The Bott-Chern forms are constructed formally in Bismut's "Analytic Torsion and Holomorphic Determinant Bundle I" (page 74). This construction can be found as well in "Lectures on Arakelov Geometry" page 79.

These forms are used in Donaldson's "ANTI SELF-DUAL YANG-MILLS CONNECTIONS OVER COMPLEX ALGEBRAIC SURFACES AND STABLE VECTOR BUNDLES" to define a functional on the space of metrics on a holmorphic vector bundle $E\rightarrow X$. In that setup we consider the acyclic complex $$\mathcal{E}: \ 0\rightarrow (E,h_1)\xrightarrow{Id} (E,h_2) \rightarrow 0 $$ and we define $\widetilde{ch}(h_1,h_2)=\widetilde{ch}(\mathcal{E})$.

Donaldson writes the properties of the Bott-Chern forms in that constext and states that if $h_t$ is a path of metrics we have the following identity:

$$\dfrac{\partial}{\partial t}\widetilde{ch}(h_t,h_1)= -Tr(h_t^{-1}h_t'exp(i/2\pi F_{h_t})).$$

(this exact identity is taken form Itoh and Nakajima's "Yang-Mills Connections and Einstein-Hermitian Metric" p450).

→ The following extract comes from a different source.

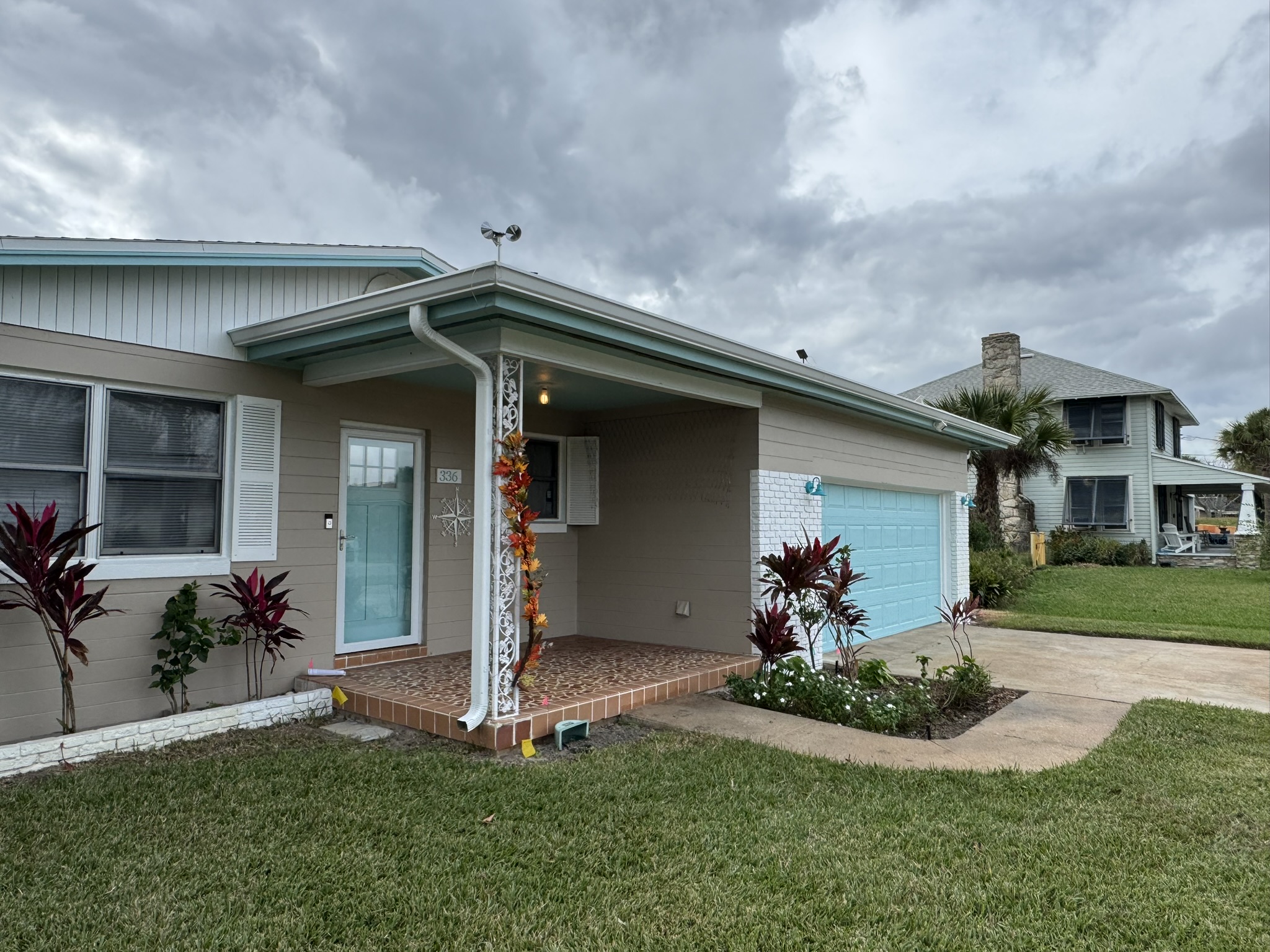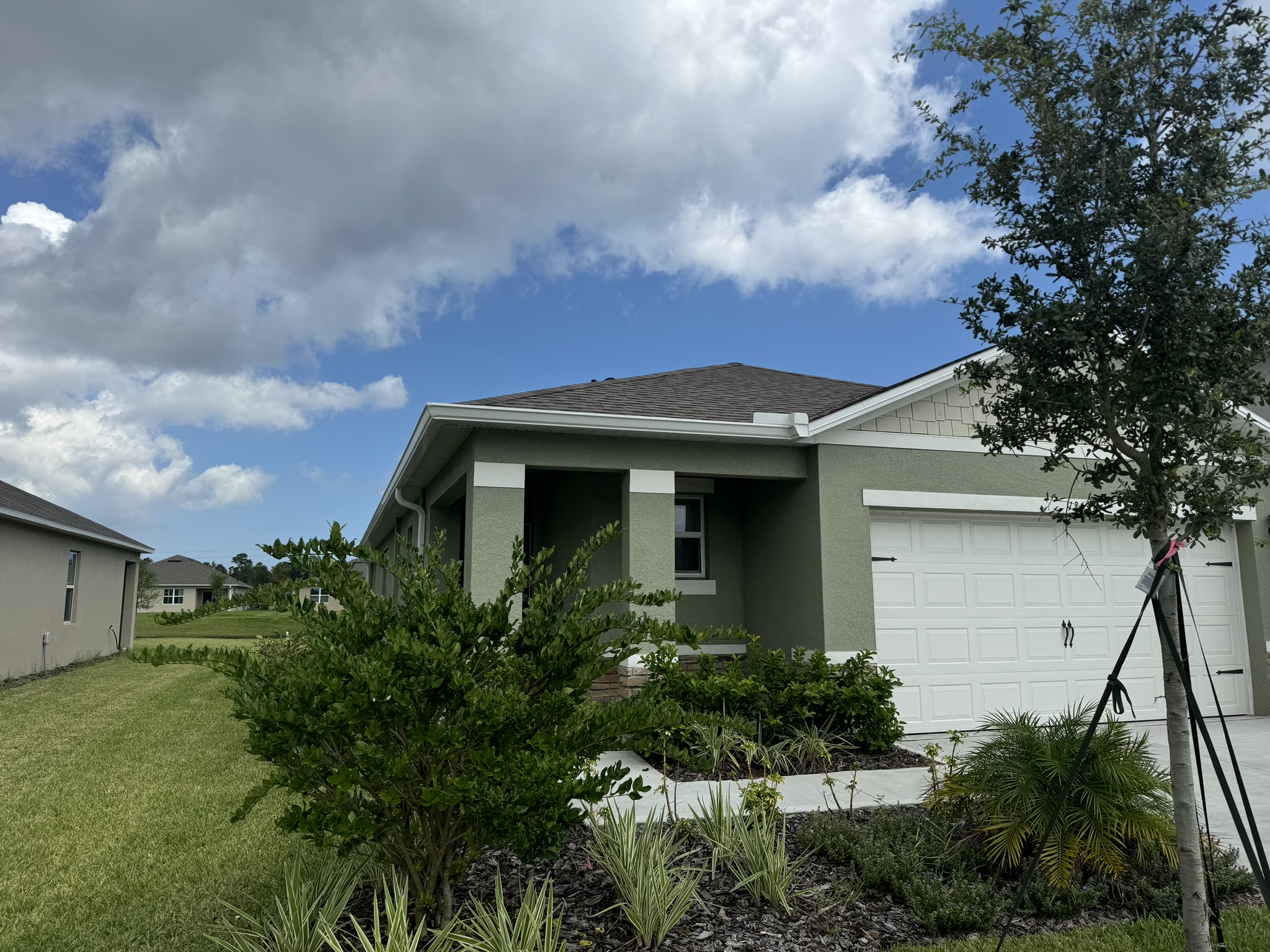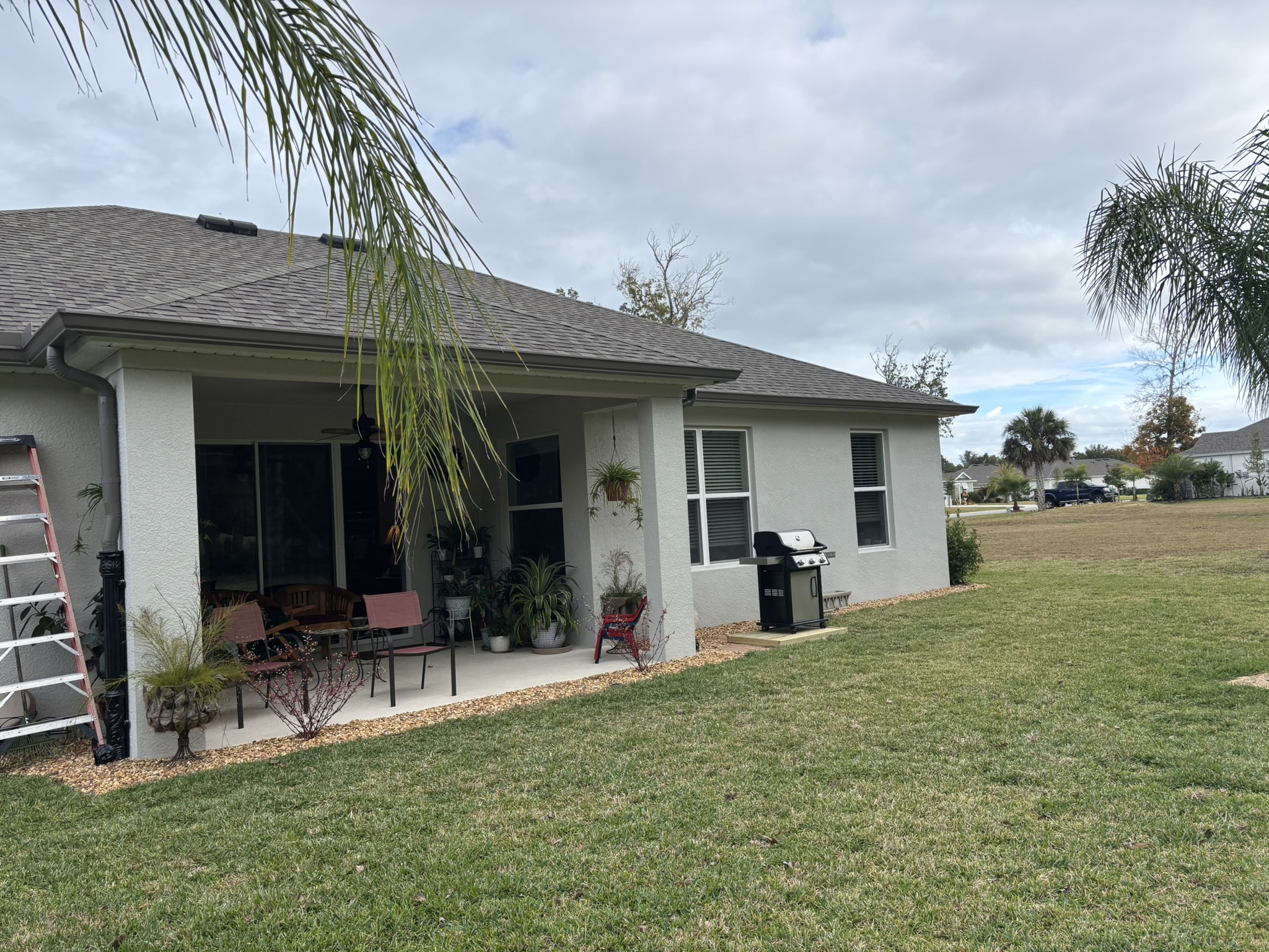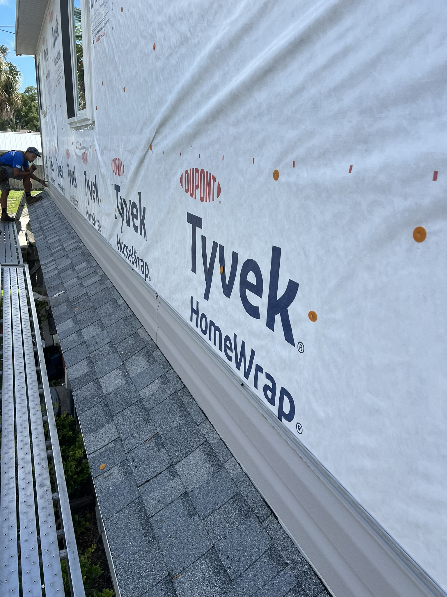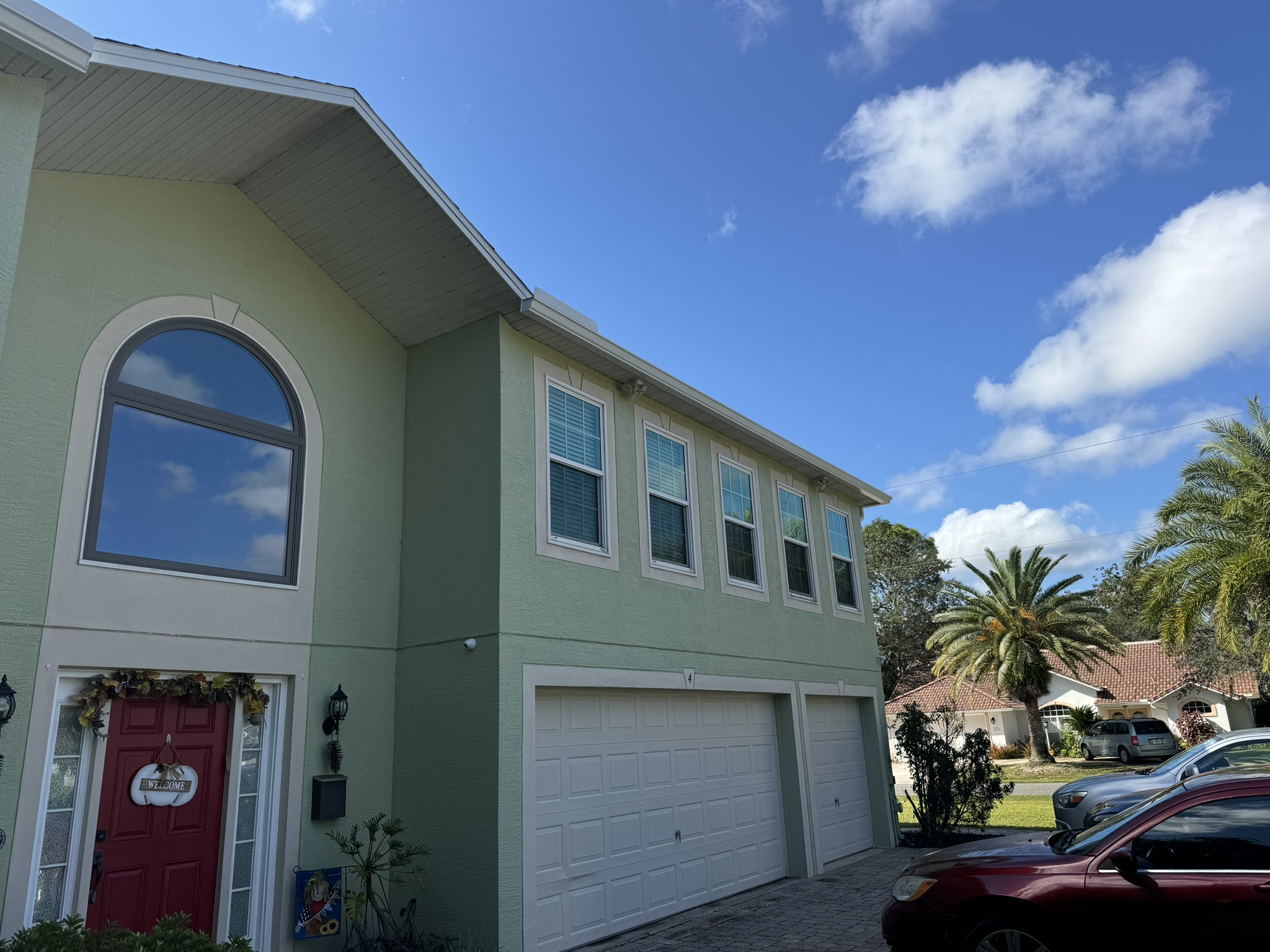 Two-Story Mastic White Gutters & Downspouts

I wonder how to obtain that property from the aforementioned abstract construction.

Answer 1

In order to construct the Bott-Chern class $\widetilde{ch}(h_0,h_1)$ we deform the Id complex over $\mathbb{P}^1$ \begin{equation*} 0 \rightarrow (E,\tilde{h}) \rightarrow (E,h_1) \rightarrow 0. \end{equation*} so that $i_0^*\tilde{h}=h_0$ and $i^*_{\infty}\tilde{h}\simeq h_1$. We get then \begin{equation*} \widetilde{ch}(h_0,h_1) = \int_{\mathbb{P}^1}ch(\tilde{h})\log|z|^2 \end{equation*} We now take a path of metric $h_t$ instead of $h_1$, with the corresponding $\tilde{h}_t=h_0(\tilde{g}_t\cdot,\cdot)$. Differentiating along that path we obtain \begin{eqnarray*} \dfrac{\partial}{\partial t}\widetilde{ch}(h_0,h_t) &=& \dfrac{\partial}{\partial t}\int_{\mathbb{P}^1}ch(\tilde{h}_t)\log|z|^2\\ &=& \int_{\mathbb{P}^1}\dfrac{\partial}{\partial t}ch(\tilde{h}_t)\log|z|^2\\ &=& -\int_{\mathbb{P}^1}Tr(\partial\bar{\partial}(\tilde{g}_t^{-1}\tilde{g}_t')exp(-\tilde{F}_t))\log|z|^2 \end{eqnarray*} where $\tilde{g}_t\in\Omega^0(X\times \mathbb{P}^1,End(E))$ and $\tilde{F}_t=F_{\tilde{h}_t}\in \Omega^2(X\times \mathbb{P}^1,End(E))$. Now notice that $\tilde{F}_t$ hence $exp(-\tilde{F}_t)$ are $\partial$ and $\bar{\partial}$ closed so we have \begin{equation*} Tr(\partial\bar{\partial}(\tilde{g}_t^{-1}\tilde{g}_t')exp(-\tilde{F}_t)) = \partial\bar{\partial} Tr(\tilde{g}_t^{-1}\tilde{g}_t'exp(-\tilde{F}_t)). \end{equation*} We can then keep going \begin{eqnarray*} \dfrac{\partial}{\partial t}\widetilde{ch}(h_0,h_t) &=& -\int_{\mathbb{P}^1}Tr(\partial\bar{\partial}(\tilde{g}_t^{-1}\tilde{g}_t')exp(-\tilde{F}_t))\log|z|^2\\ &=& -\int_{\mathbb{P}^1}\partial\bar{\partial}(Tr\tilde{g}_t^{-1}\tilde{g}_t'exp(-\tilde{F}_t))\log|z|^2\\ &=& \int_{\mathbb{P}^1}Tr(\tilde{g}_t^{-1}\tilde{g}_t'exp(-\tilde{F}_t))\partial\bar{\partial}\log|z|^2\\ &=& \int_{\mathbb{P}^1}Tr(\tilde{g}_t^{-1}\tilde{g}_t'exp(-\tilde{F}_t))\partial_z\bar{\partial}_z\log|z|^2\\ &=& -2\pi i (\delta_0-\delta_{\infty})[Tr(\tilde{g}_t^{-1}\tilde{g}_t'exp(-\tilde{F}_t))]. \end{eqnarray*} Recall that $(\tilde{h}_t)_{|0}=h_0$, so that $(\tilde{g}_t)_{|0}=Id$. We get therefore $Tr(\tilde{g}_t^{-1}\tilde{g}_t'exp(-\tilde{F}_t))_{|0}=0$. We obtain \begin{eqnarray*} -2\pi i (\delta_0-\delta_{\infty})[Tr(\tilde{g}_t^{-1}\tilde{g}_t'exp(-\tilde{F}_t))] &=& 2\pi i Tr(g_t^{-1}g_t'exp(-F_{h_t})). \end{eqnarray*}